Organizational Data Analysis by Mr Mumba.pptx
 
Intro statistics
Intro statisticsIntro statistics
Intro statistics
 
RM7.ppt
RM7.pptRM7.ppt
RM7.ppt
 
Biostatistics mean median mode unit 1.pptx
Biostatistics mean median mode unit 1.pptxBiostatistics mean median mode unit 1.pptx
Biostatistics mean median mode unit 1.pptx
 
Statistics
StatisticsStatistics
Statistics
 
Descriptive statistics
Descriptive statisticsDescriptive statistics
Descriptive statistics
 
1 introduction to psychological statistics
1 introduction to psychological statistics1 introduction to psychological statistics
1 introduction to psychological statistics
 
Biostatistics.pptx
Biostatistics.pptxBiostatistics.pptx
Biostatistics.pptx
 
Introduction to Data Analysis for Nurse Researchers
Introduction to Data Analysis for Nurse ResearchersIntroduction to Data Analysis for Nurse Researchers
Introduction to Data Analysis for Nurse Researchers
 
Levels of Measurement
Levels of MeasurementLevels of Measurement
Levels of Measurement
 
Levels of measurement
Levels of measurementLevels of measurement
Levels of measurement
 
Stats-Review-Maie-St-John-5-20-2009.ppt
Stats-Review-Maie-St-John-5-20-2009.pptStats-Review-Maie-St-John-5-20-2009.ppt
Stats-Review-Maie-St-John-5-20-2009.ppt
 
Stats !.pdf
Stats !.pdfStats !.pdf
Stats !.pdf
 
Scaling and measurement technique
Scaling and measurement techniqueScaling and measurement technique
Scaling and measurement technique
 
PRESENTATION.pptx
PRESENTATION.pptxPRESENTATION.pptx
PRESENTATION.pptx
 
BMS.ppt
BMS.pptBMS.ppt
BMS.ppt
 
Chapter 12 Data Analysis Descriptive Methods and Index Numbers
Chapter 12 Data Analysis Descriptive Methods and Index NumbersChapter 12 Data Analysis Descriptive Methods and Index Numbers
Chapter 12 Data Analysis Descriptive Methods and Index Numbers
 
RM UNIT 6.pptx
RM UNIT 6.pptxRM UNIT 6.pptx
RM UNIT 6.pptx
 
R training4
R training4R training4
R training4
 

Recently uploaded

(ANJALI) Dange Chowk Call Girls Just Call 7001035870 [ Cash on Delivery ] Pun...

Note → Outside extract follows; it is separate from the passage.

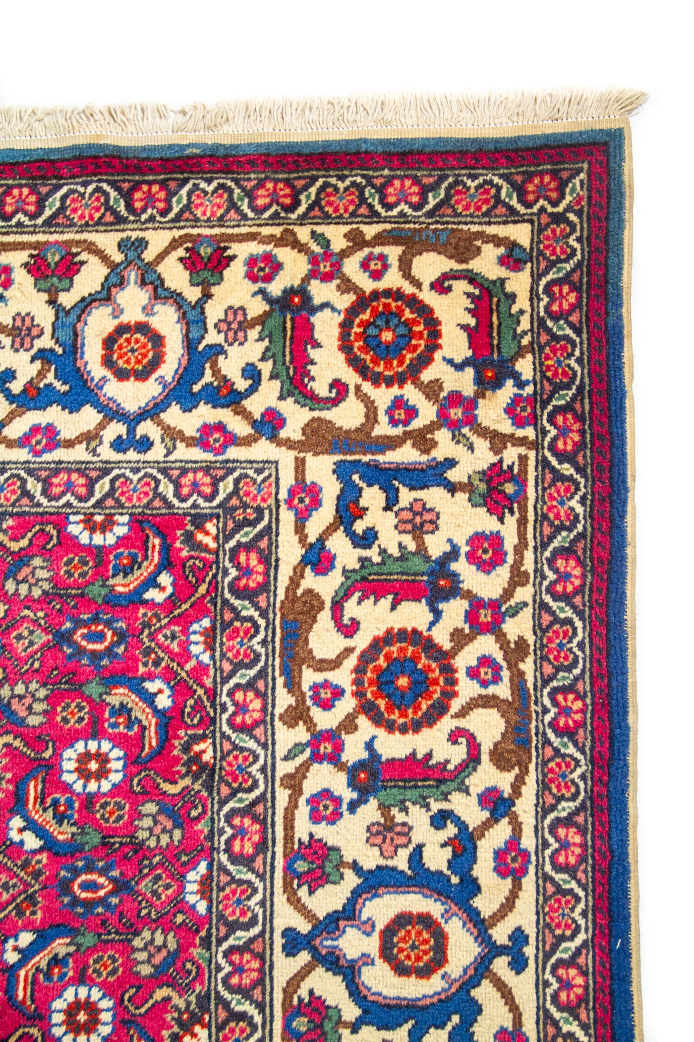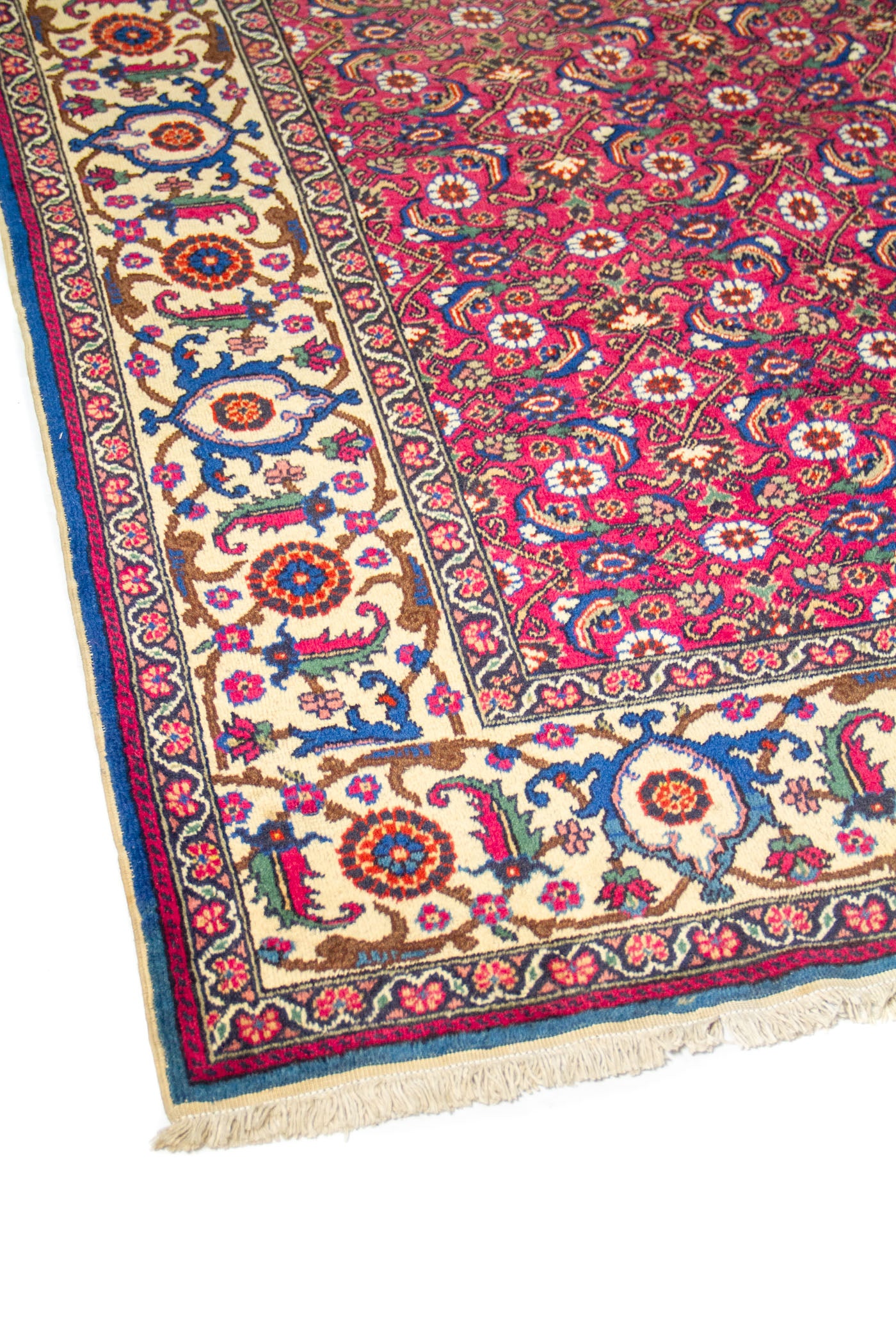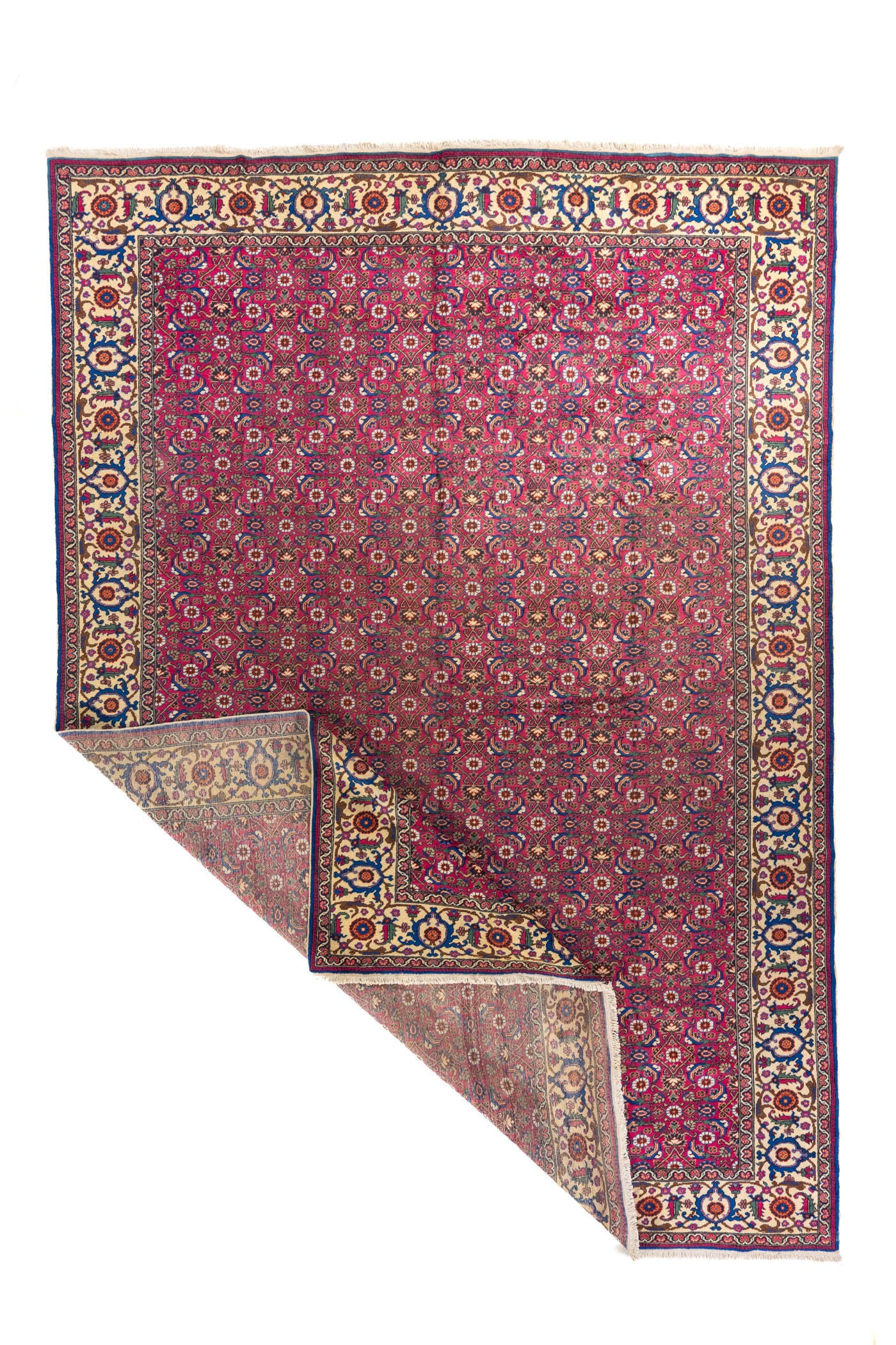 Diseño: Esta alfombra destaca por su intenso fondo rojo, que aporta calidez, energía y una presencia visual muy marcada en el espacio. Su superficie está cubierta por un elaborado patrón repetitivo de inspiración floral y geométrica, creando una composición rica en detalle, equilibrio y profundidad ornamental. La guarda beige enmarca la pieza con elegancia y genera un contraste refinado que realza los acentos en azul, verde y rojo distribuidos a lo largo del diseño. El resultado es una alfombra de fuerte carácter decorativo, ideal para sumar sofisticación, tradición y un toque clásico atemporal a cualquier ambiente.

(ANJALI) Dange Chowk Call Girls Just Call 7001035870 [ Cash on Delivery ] Pun...(ANJALI) Dange Chowk Call Girls Just Call 7001035870 [ Cash on Delivery ] Pun...
(ANJALI) Dange Chowk Call Girls Just Call 7001035870 [ Cash on Delivery ] Pun...ranjana rawat
 
(PRIYA) Rajgurunagar Call Girls Just Call 7001035870 [ Cash on Delivery ] Pun...
(PRIYA) Rajgurunagar Call Girls Just Call 7001035870 [ Cash on Delivery ] Pun...(PRIYA) Rajgurunagar Call Girls Just Call 7001035870 [ Cash on Delivery ] Pun...
(PRIYA) Rajgurunagar Call Girls Just Call 7001035870 [ Cash on Delivery ] Pun...ranjana rawat
 
Introduction and different types of Ethernet.pptx
Introduction and different types of Ethernet.pptxIntroduction and different types of Ethernet.pptx
Introduction and different types of Ethernet.pptxupamatechverse
 
(ANVI) Koregaon Park Call Girls Just Call 7001035870 [ Cash on Delivery ] Pun...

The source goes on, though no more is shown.